About the job
Join Arena Intelligence as a Data Scientist
Arena Intelligence stands at the forefront of AI evaluation, offering an open platform that examines how AI models perform in real-world scenarios. Founded by UC Berkeley's SkyLab researchers, our mission is to push the boundaries of AI utility.
Each month, millions engage with Arena Intelligence to assess the performance of pioneering AI systems, using our community's insights to foster transparent, comprehensive, and human-centric model evaluations. Leading enterprises and AI labs depend on our evaluations to gauge real-world reliability, alignment, and impact. Our leaderboards are regarded as the benchmark for AI performance, trusted by industry leaders and influencing global discussions on model reliability and advancement.

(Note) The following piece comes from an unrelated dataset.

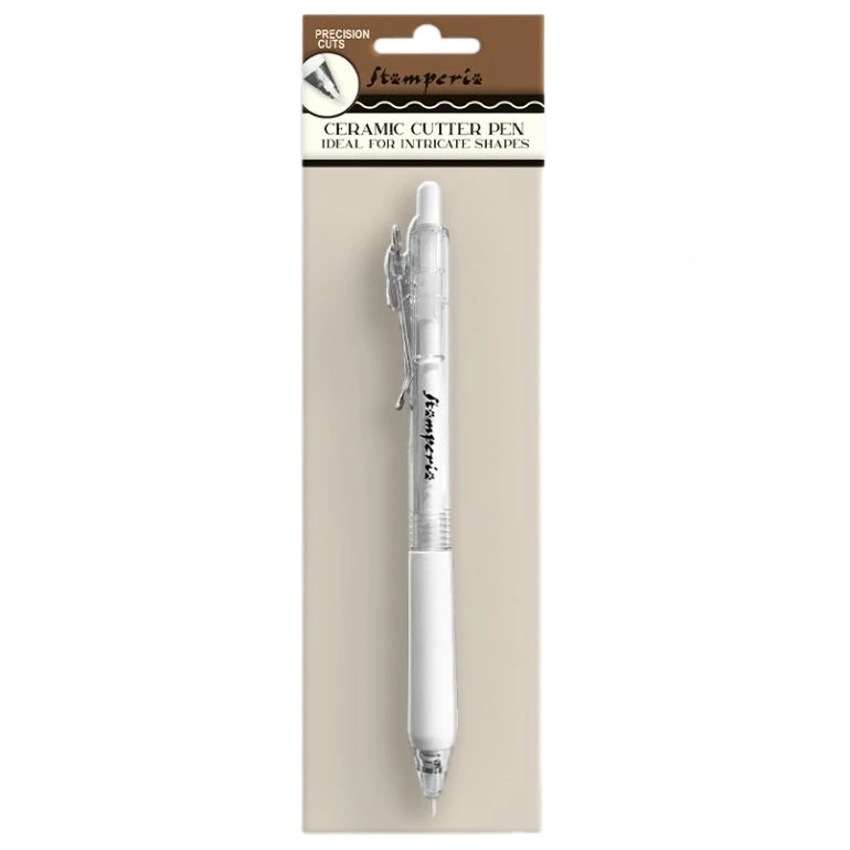 Keramické řezací pero je vhodné na vyřezávání složitých tvarů. Lze použít na vyřezávání washi pásek (vzorů na washi papíru), scrapbookových papírů apod. Keramický hrot zůstává ostrý a nezrezaví. Funguje jako propiska, hrot je zatahovací, čepel je skrytá, aby nedošlo k pořezání. Díky tvaru pera ho můžete pohodlně uložit do penálu nebo pomocí klipu zavěsit.

Our diverse team of researchers, engineers, and builders hail from prestigious institutions such as UC Berkeley, Google, Stanford, DeepMind, and Discord. We prioritize truth, agility, and craftsmanship while fostering an environment that values curiosity and impact over hierarchy. At Arena, skilled individuals from all backgrounds are empowered to excel in their fields, contributing to an atmosphere rich in excellence, energy, and focus.
The Role
As a Data Scientist, you will investigate and interpret the data that fuels millions of AI evaluations weekly. Your responsibilities will include generating and testing hypotheses, identifying causal relationships, and revealing insights that enhance our understanding of frontier model behaviors in practical applications. You will collaborate with machine learning researchers and engineers to design experiments, analyze extensive datasets, and develop statistical frameworks aimed at refining the reliability and interpretability of our AI evaluation systems. Senior-level candidates are preferred for this role.